105 A. 354 | Conn. | 1918
The court did not err in charging the jury, in substance, that the defendant was not, as a matter of law, required by §§ 1534 and 1538 of the General Statutes, to reduce his speed or blow his horn, under the circumstances of this case; but that the question for the jury to consider was whether, in the exercise of reasonable care, he ought to have done so. Nor was it error for the court to recall the jury and instruct them that the plaintiff could not recover for any act of negligence not set up in the complaint.
The third assignment of error, relating to that portion of the charge above quoted, seems to be well taken. *102 It is true, as the court points out, that the only importance of the alleged intoxication of the deceased was that, if true, it strengthened the probability of the defendant's claim that the plaintiff staggered out in front of the defendant's automobile.
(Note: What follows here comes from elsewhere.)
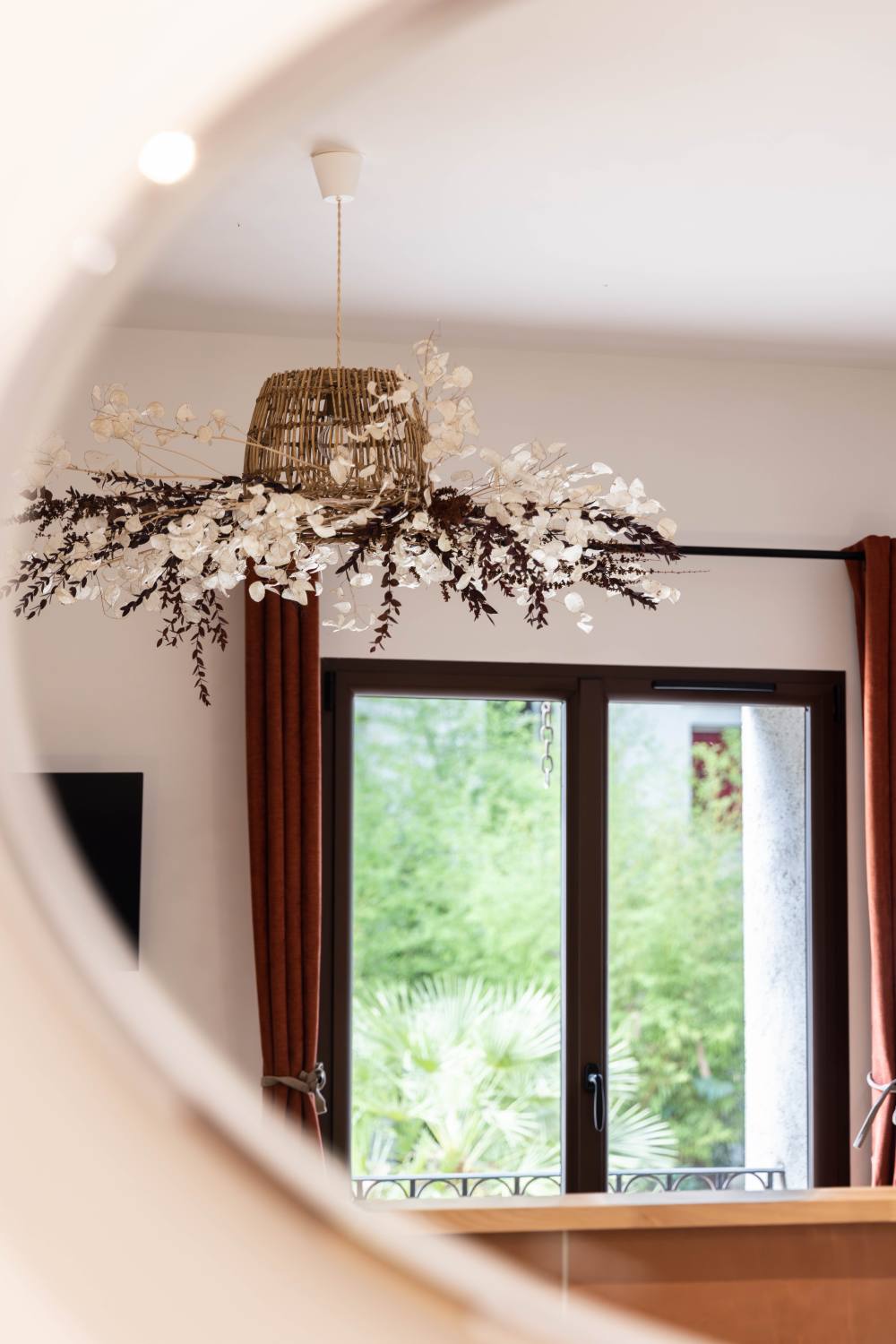 Il a été décoré avec des pièces réalisées par des artisans locaux ou chinées au gré de nos balades, pour créer une ambiance chaleureuse et raffinée.

In that connection it was of great importance, and the court was in error in saying that the question was whether the plaintiff had shown the jury by a fair preponderance of evidence that the deceased was not intoxicated. Intoxication is not negligence per se, and it was therefore no part of the plaintiff's case to show that the deceased was not intoxicated at the time. Intoxication, in this case, was simply an alleged fact which the defendant sought to prove because it tended to confirm his version of the accident, and by attempting to prove it the defendant volunteered to prove it by a fair preponderance of all the evidence bearing on that particular fact.
There is error and a new trial is ordered.
In this opinion the other judges concurred.